**Provided data**
____

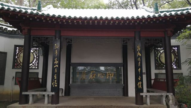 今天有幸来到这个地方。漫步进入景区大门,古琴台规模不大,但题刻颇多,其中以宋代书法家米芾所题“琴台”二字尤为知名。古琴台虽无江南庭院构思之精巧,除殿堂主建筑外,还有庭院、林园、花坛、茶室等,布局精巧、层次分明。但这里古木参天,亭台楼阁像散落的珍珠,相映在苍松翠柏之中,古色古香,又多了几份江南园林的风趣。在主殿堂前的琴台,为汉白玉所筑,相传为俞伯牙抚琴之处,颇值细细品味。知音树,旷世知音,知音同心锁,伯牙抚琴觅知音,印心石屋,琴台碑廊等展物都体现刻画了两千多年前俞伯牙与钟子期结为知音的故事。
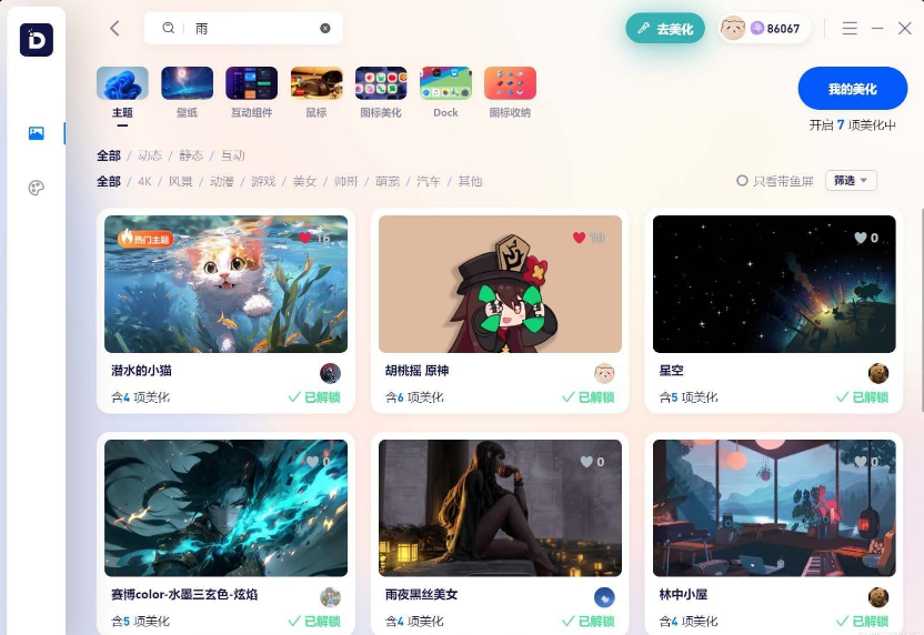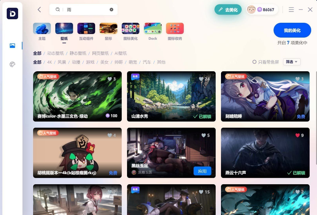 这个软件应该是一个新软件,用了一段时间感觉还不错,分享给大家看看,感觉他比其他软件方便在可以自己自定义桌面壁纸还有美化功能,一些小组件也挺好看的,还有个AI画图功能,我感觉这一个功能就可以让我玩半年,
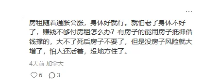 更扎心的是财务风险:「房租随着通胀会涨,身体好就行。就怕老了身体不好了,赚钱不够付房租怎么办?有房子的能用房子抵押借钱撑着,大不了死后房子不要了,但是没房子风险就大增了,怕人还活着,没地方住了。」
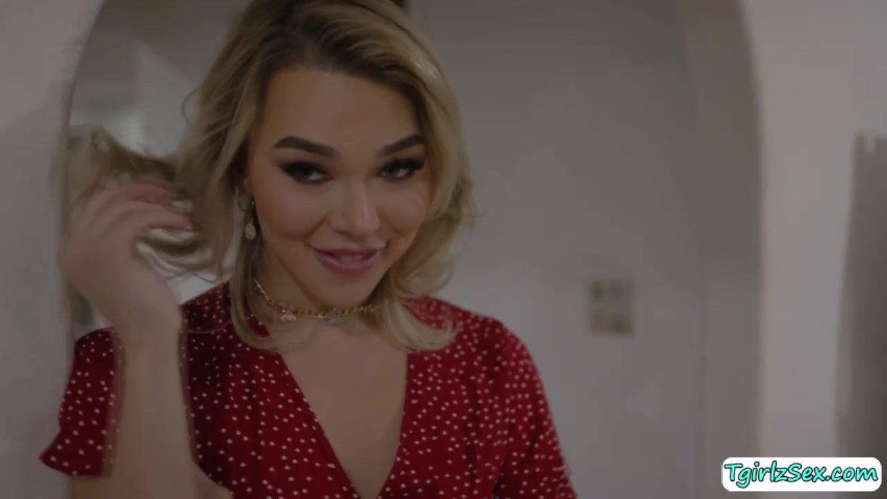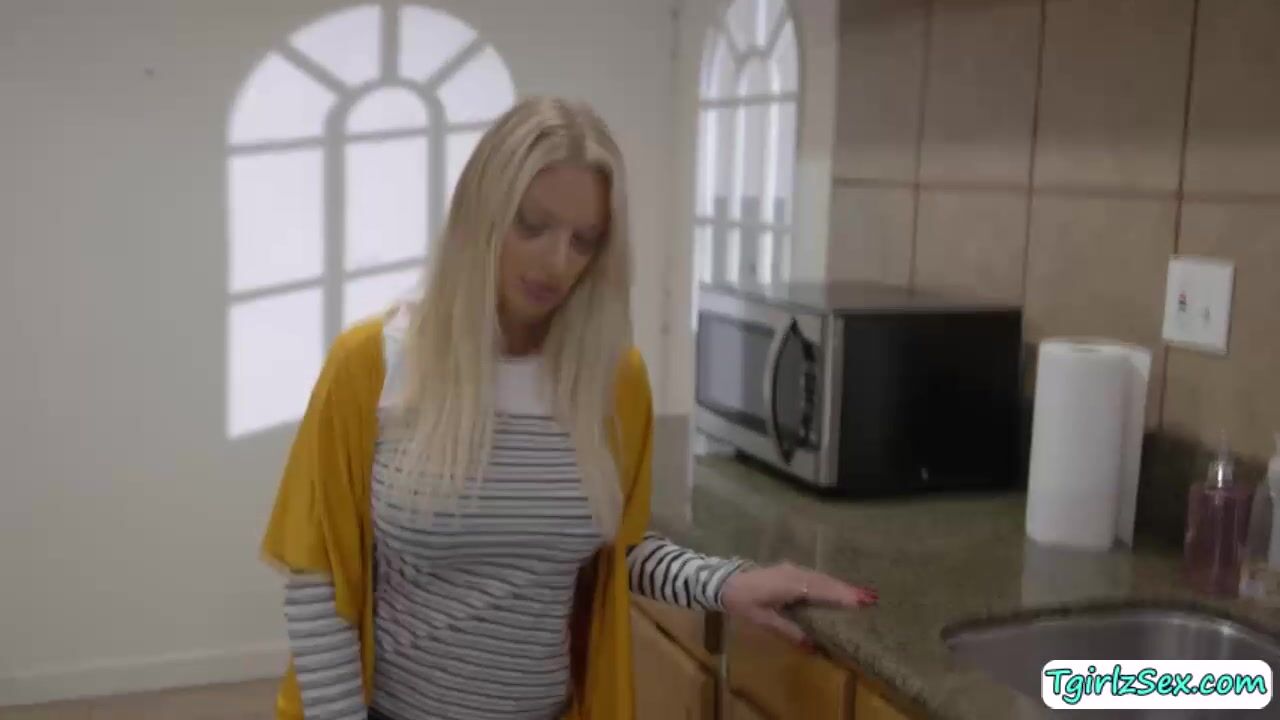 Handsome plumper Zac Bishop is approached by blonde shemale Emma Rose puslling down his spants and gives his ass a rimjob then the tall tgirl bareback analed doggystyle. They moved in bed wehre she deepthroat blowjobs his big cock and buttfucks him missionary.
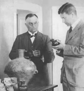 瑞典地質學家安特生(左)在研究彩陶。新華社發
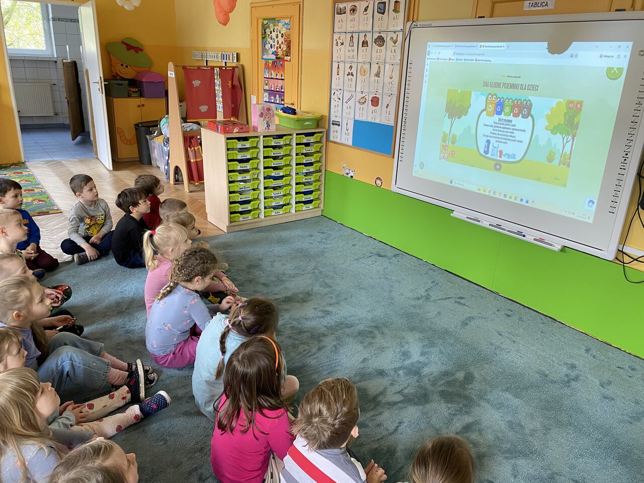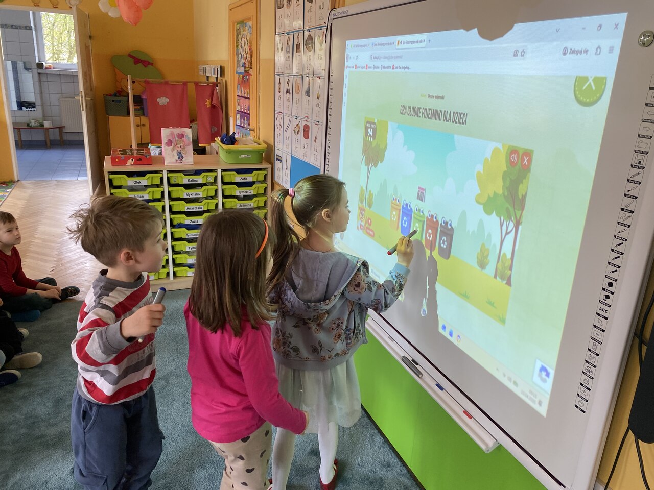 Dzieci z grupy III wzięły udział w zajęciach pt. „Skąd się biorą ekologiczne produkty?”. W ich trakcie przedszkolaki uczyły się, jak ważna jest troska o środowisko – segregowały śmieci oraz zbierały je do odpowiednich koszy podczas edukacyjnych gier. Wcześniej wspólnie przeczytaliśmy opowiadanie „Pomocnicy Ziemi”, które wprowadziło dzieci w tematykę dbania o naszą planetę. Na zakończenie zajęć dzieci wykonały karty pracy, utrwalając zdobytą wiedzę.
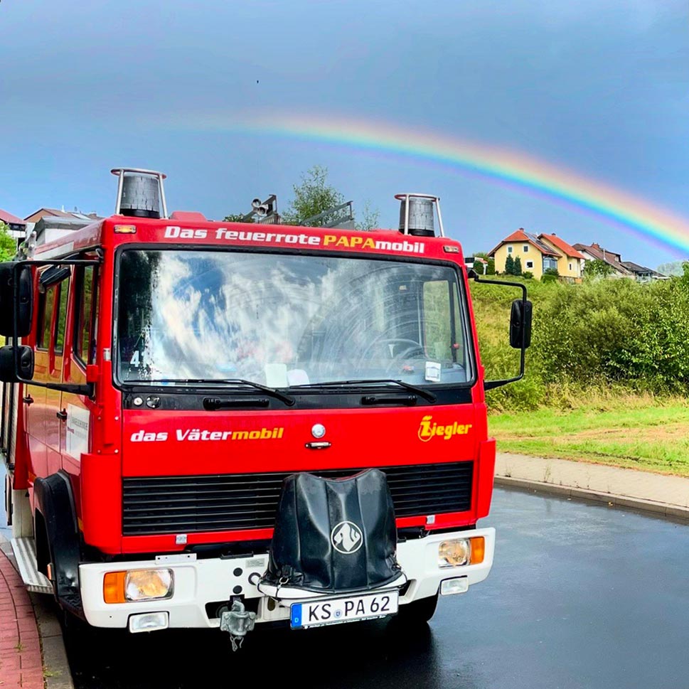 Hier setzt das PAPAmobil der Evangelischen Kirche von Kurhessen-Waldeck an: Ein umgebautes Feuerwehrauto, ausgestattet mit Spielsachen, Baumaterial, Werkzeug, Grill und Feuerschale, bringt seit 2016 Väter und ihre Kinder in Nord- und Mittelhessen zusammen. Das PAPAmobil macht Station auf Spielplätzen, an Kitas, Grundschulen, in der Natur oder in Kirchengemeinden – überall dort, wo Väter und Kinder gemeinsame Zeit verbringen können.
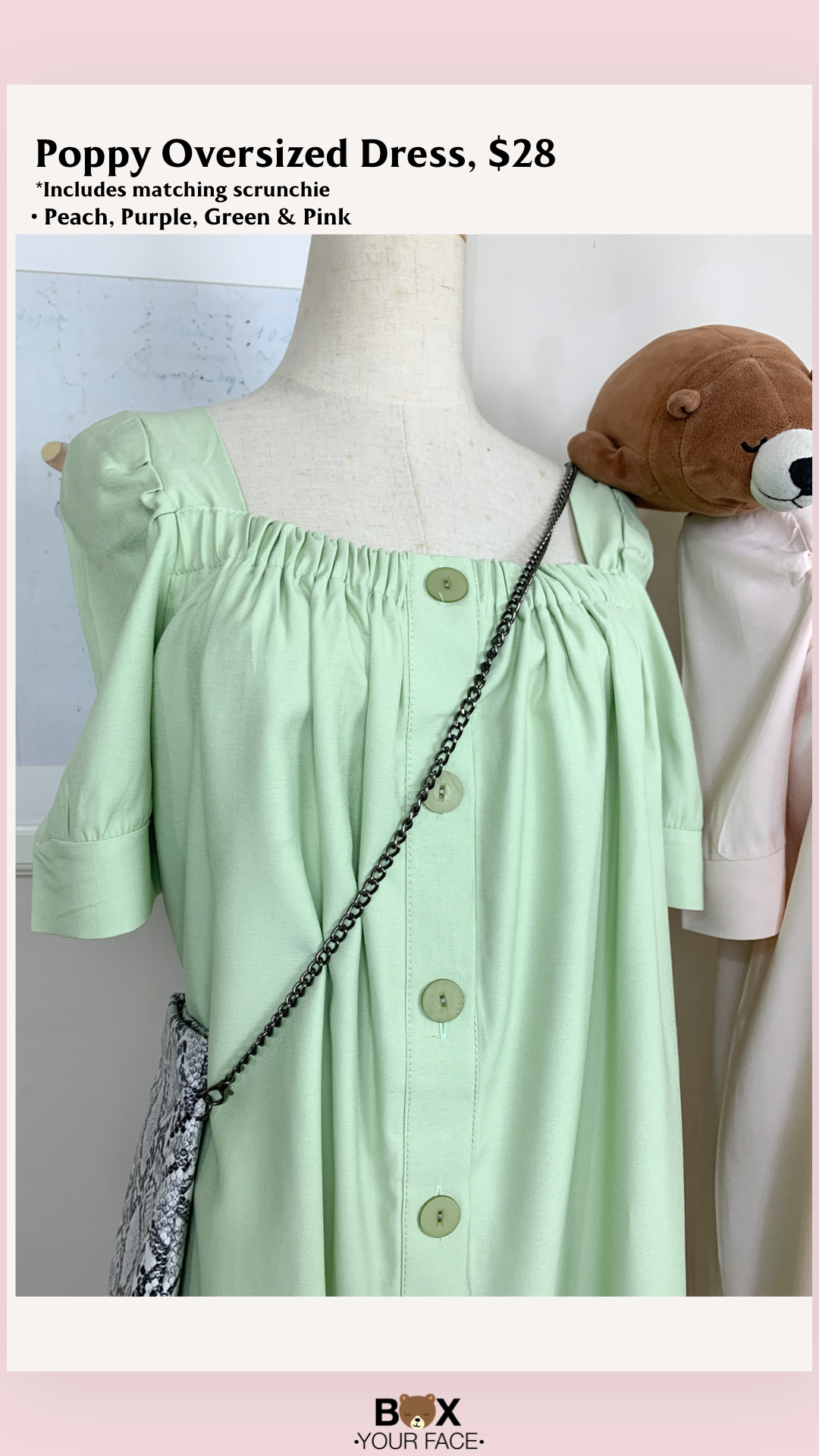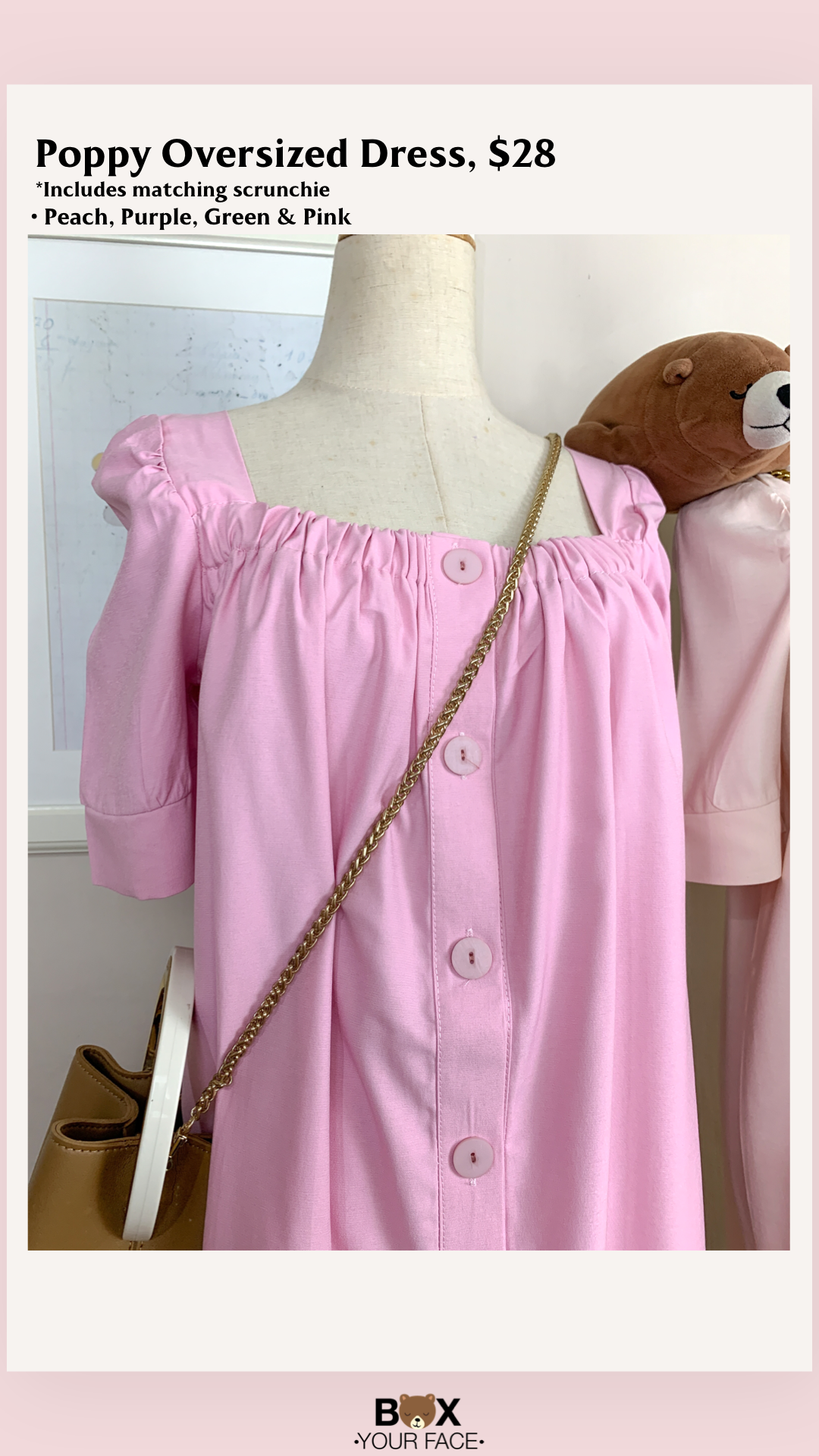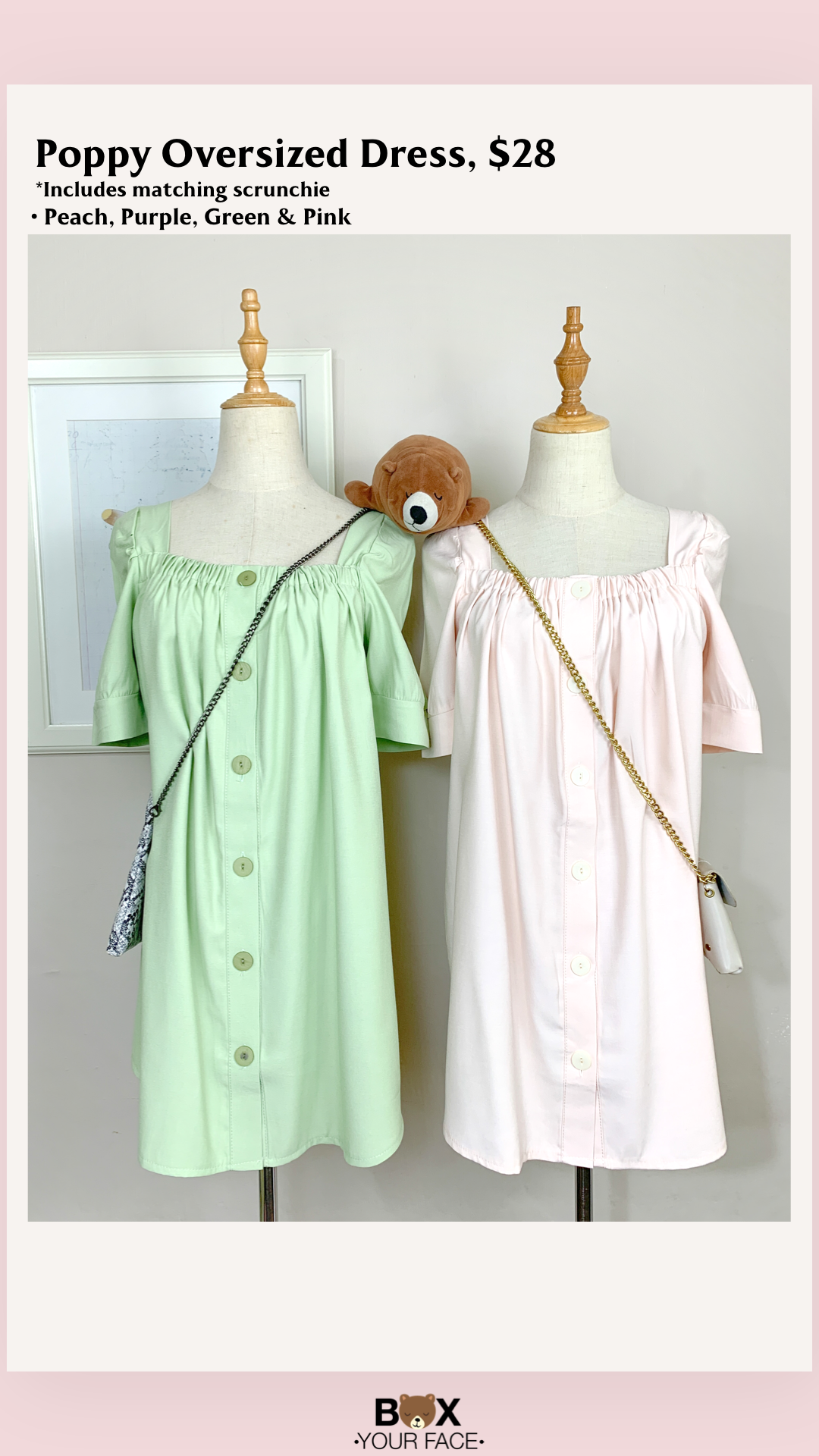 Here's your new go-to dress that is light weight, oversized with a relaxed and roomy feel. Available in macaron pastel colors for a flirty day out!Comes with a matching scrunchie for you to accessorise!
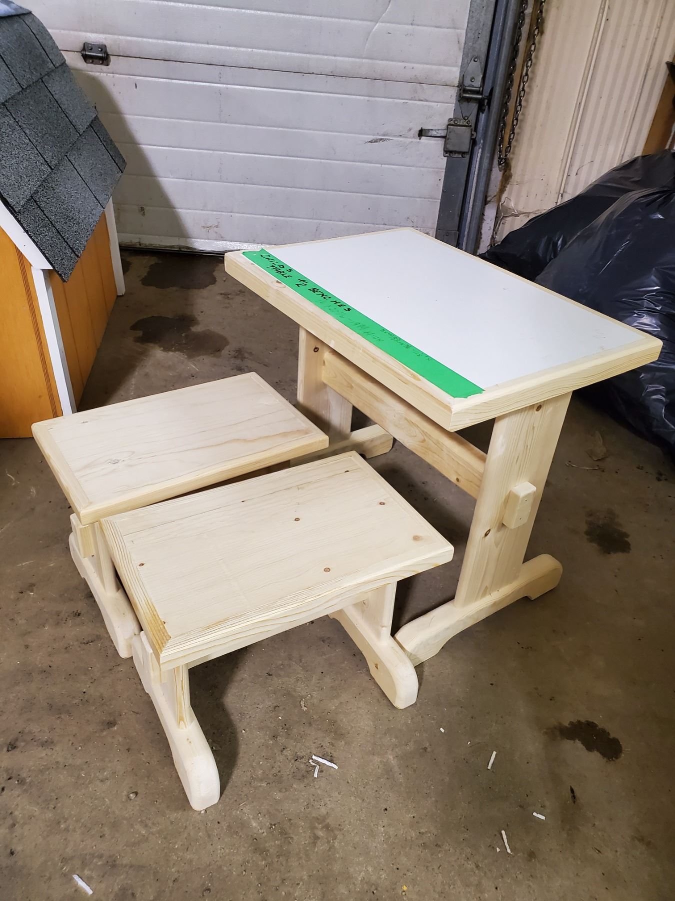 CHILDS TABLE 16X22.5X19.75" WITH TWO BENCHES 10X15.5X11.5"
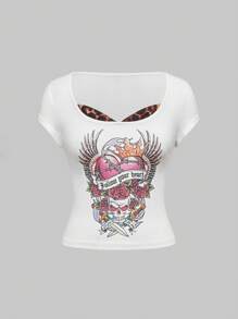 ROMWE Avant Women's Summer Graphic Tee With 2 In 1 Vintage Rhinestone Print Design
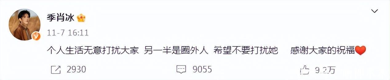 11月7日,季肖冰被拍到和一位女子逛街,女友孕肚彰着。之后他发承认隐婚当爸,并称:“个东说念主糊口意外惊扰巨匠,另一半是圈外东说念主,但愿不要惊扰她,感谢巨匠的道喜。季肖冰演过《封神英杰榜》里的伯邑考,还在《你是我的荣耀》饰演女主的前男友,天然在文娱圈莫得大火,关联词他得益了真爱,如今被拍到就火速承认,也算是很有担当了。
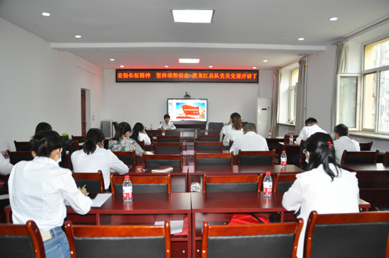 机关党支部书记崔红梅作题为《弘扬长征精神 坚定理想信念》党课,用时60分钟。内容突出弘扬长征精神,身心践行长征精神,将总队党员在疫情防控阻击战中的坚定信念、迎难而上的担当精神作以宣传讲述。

____

**Task item**
Find the line containing "ROMWE Avant Women's" and copy it and each line after it through the end of the material, exactly, with no pictures.

**Written response**
 ROMWE Avant Women's Summer Graphic Tee With 2 In 1 Vintage Rhinestone Print Design
 11月7日,季肖冰被拍到和一位女子逛街,女友孕肚彰着。之后他发承认隐婚当爸,并称:“个东说念主糊口意外惊扰巨匠,另一半是圈外东说念主,但愿不要惊扰她,感谢巨匠的道喜。季肖冰演过《封神英杰榜》里的伯邑考,还在《你是我的荣耀》饰演女主的前男友,天然在文娱圈莫得大火,关联词他得益了真爱,如今被拍到就火速承认,也算是很有担当了。
 机关党支部书记崔红梅作题为《弘扬长征精神 坚定理想信念》党课,用时60分钟。内容突出弘扬长征精神,身心践行长征精神,将总队党员在疫情防控阻击战中的坚定信念、迎难而上的担当精神作以宣传讲述。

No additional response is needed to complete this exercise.